Within the food industry, the authenticity and authentication of products are emerging topics [14], in which ensuring ingredient quality throughout the entire production process requires a holistic approach. Total nitrogen determination methods are incapable of reliably assessing a sample’s protein content in the case of nitrogen-based adulteration, while they are also subject to high consumable and time costs and bound to a laboratory environment [13]. Therefore, affordable alternative approaches with better sensitivities are required. An example of a non-sophisticated technique that can serve as an alternative approach to the total nitrogen determination methods is near infrared spectroscopy (NIRS). Technically, near-infrared instruments operate on the Beer–Lambert principle of light with a wavelength range between 800 and 2500 nm, but the spectral intervals and other instrumental characteristics may vary depending on the producer [15]. Generally, the technique measures the intensities of absorptions of radiation while NIR light passes through a sample. There are various kinds of technological solutions to acquire the NIR absorption spectra. For example, when the infrared light from the light source passes through a Michelson interferometer along the optical path, it is called Fourier transform infrared spectroscopy (FTIR) [16]. FTIR spectroscopy is based on interferometry and makes use of the complete source spectrum rather than recording the spectra at the individual wavelengths that can be generated by grating or prism systems used in conventional near-infrared spectroscopy [17]. DLP-based spectrometers include a digital micromirror device (DMD) and a single-point detector for wavelength selection, making them more suitable for portable designs than spectrometers with conventional linear array detectors [18].

NIR spectrometers are no longer limited to laboratory-bench-compatible instrumentations. In recent times, there have been several developments in portable and hand-held forms of NIR spectrometers. These spectrometers, which are miniature versions of vibrational spectroscopy equipment, have made it possible for the food industry to do on-site and real-time evaluations of food quality and food production processes. They have been used for authentication and detection of adulterants in several foods [19,20,21], food product development [22,23], and geographical discrimination of food [24,25,26].

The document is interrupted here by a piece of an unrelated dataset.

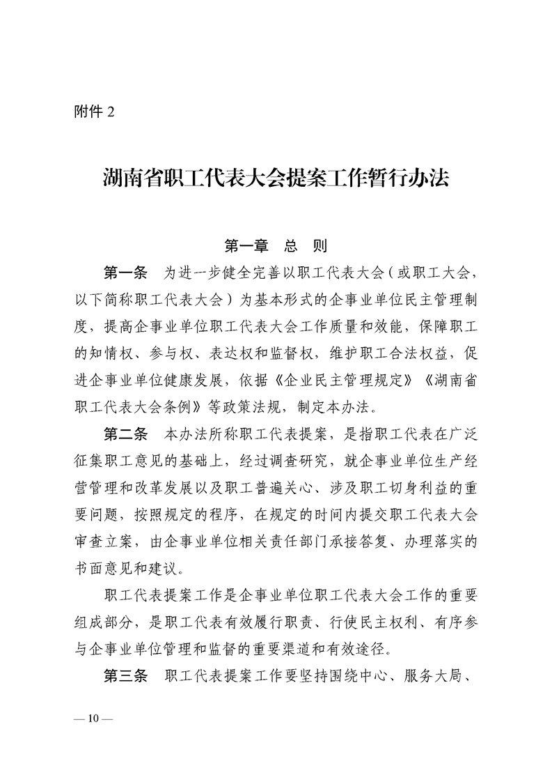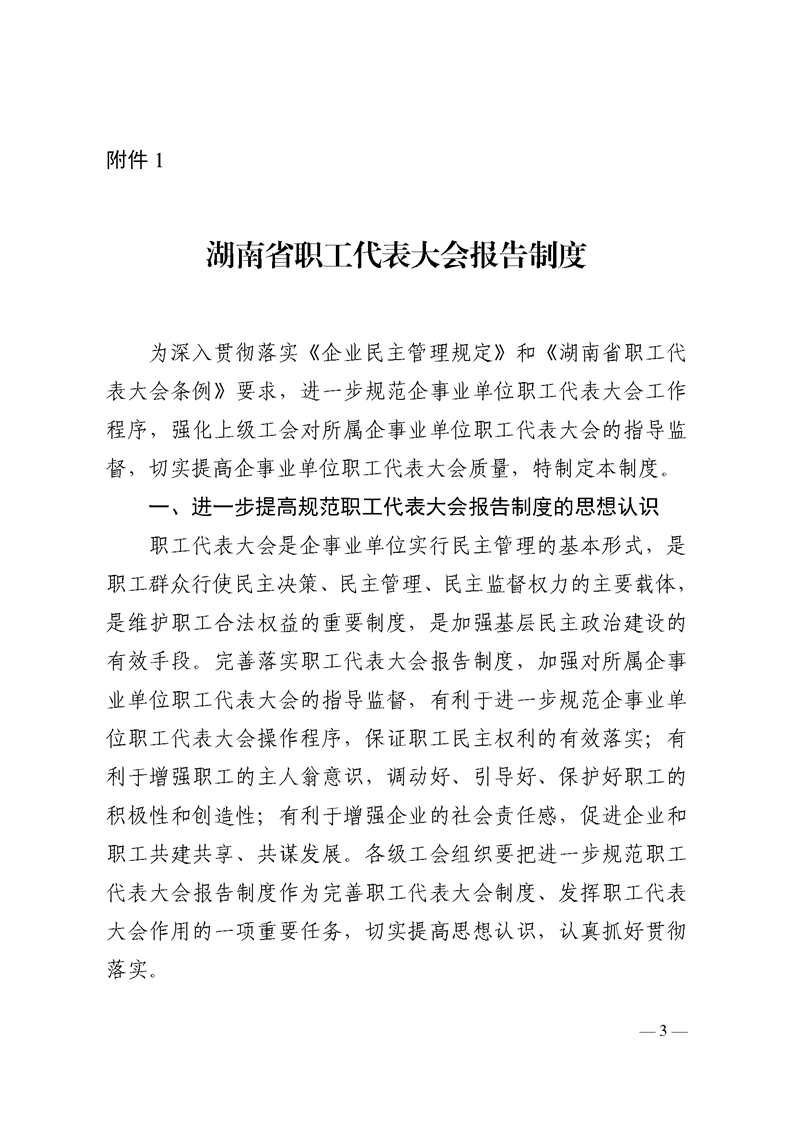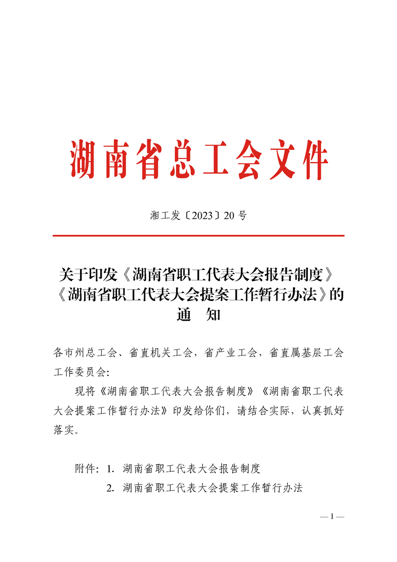 关于印发《湖南省职工代表大会报告制度》《湖南省职工代表大会提案工作暂行办法》的通知

Recent debates about instrumental efficacy have led to more comparisons between benchtop and handheld instruments using advanced mathematical techniques known as chemometrics. These techniques help to access the performance of NIR instruments through exploratory data analysis [27], classification [28], and prediction [29]. Through these techniques, parameters of quality control such as sensitivity, specificity, precision, detection and quantification limits, and various predictive modeling parameters can be accessed. The term “calibration transfer” is a rapidly emerging topic in the NIR community [30,31,32], supposed to provide ways to build robust databases and models using one NIRS device (usually benchtop), while leveraging these models with other devices to make predictions without building entirely new databases and models. Whereas the process could significantly reduce the most time-consuming and costly part of NIRS applications, successfully transferring calibrations between devices requires a thorough understanding of the instrument setup, performance, and available chemometric tools.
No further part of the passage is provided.